From school segregation and busing to book bans, charter schools, and modern achievement gaps, the fight for educational equity has long reflected the nation’s broader struggle to live up to its democratic ideals. In her lecture, The Politics of U.S. Public Schooling: Tinkering Toward and Away from Dystopia, Dr. Melinda Lemke invites attendees to examine how far we’ve come since Brown v. Board of Education, and what still divides us. Through this conversation, we aim to explore the legal, cultural, and policy battles that have shaped access to education in America, and to encourage reflection on what “equal education” should mean in the 21st century.
The discussion is grounded in the legacy of Robert H. Jackson’s final Supreme Court case, Brown v.
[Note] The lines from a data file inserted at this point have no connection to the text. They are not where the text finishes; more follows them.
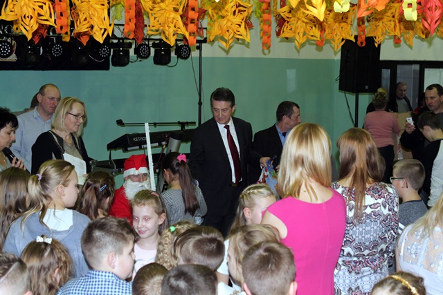 Choinka jak zwykle była wielkim przeżyciem dla najmłodszych uczniów. Wszyscy uczestnicy noworocznej zabawy zabrali ze sobą świetne humory i dali się porwać wesołym rytmom.
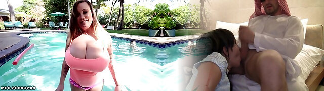 Curvaceous white woman displays off her enormous breasts in the pool
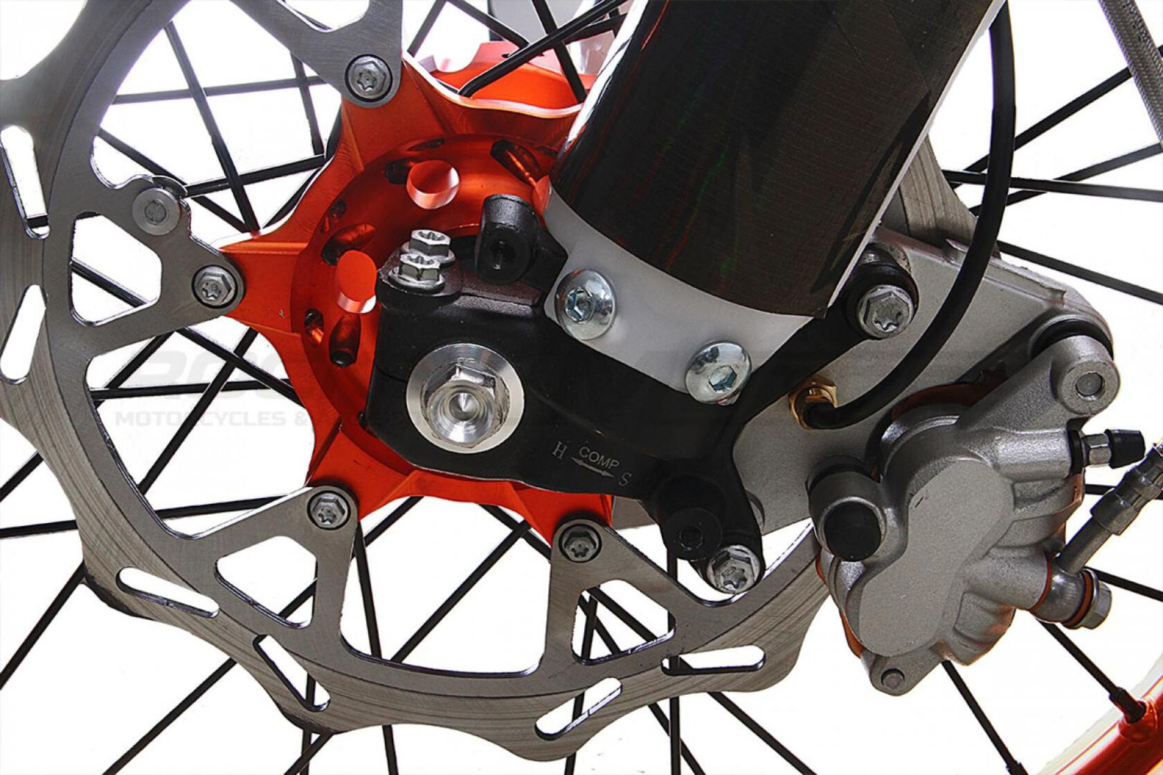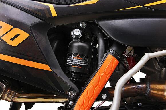 Задняя подвеска: моноамортизатор KKE 470 мм регулируемый, с настройкой сжатия и отбоя. Прогрессия с рычажной системой
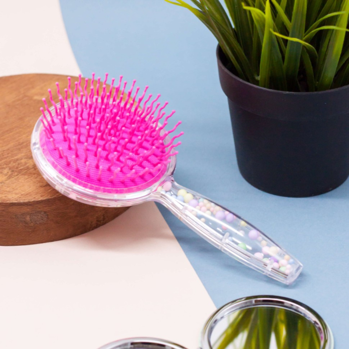 - Весёлые элементы: В корпусе расчёски находятся забавные встряхиваемые пенопластовые шарики, которые добавляют элемент веселья и создают чувство свежести и счастья при каждом расчесывании.

Board of Education, 347 U.S. 483 (1954), the landmark decision that declared segregation in public schools unconstitutional. The ruling affirmed that equality in education is essential to equality in citizenship, an idea that continues to challenge our laws, institutions, and collective conscience.
About the Speaker
Melinda Lemke, Ph.D., is an Associate Professor of Educational Policy and affiliated faculty in Global Gender and Sexuality Studies at the University
at Buffalo (UB), SUNY. Dr. Lemke is a qualitative methodologist, and her research focuses on the politics of education and how social policies address structural violence to improve the health, well-being, and human rights of women and girls. This includes examining the causes, effects, discourses concerning, and public system responses to gender-based violence and the largescale internal and cross-border displacement.
Dr. Lemke’s work in higher education is informed by a previous career in U.S. public secondary education and work in sexual assault prevention and advocacy. She is actively involved in shared governance at UB, SUNY, serving for example as faculty senator elect and as United University Professionals Buffalo Center Chapter Grievance Officer for Academics. Dr. Lemke is the author of more than 60 publications and is the recipient of multiple research and practice awards, including most recently the Paula Silver Case Award for co-authored research on human trafficking and the Dr. Conrad F. Toepfer, Jr. Award for doctoral mentorship.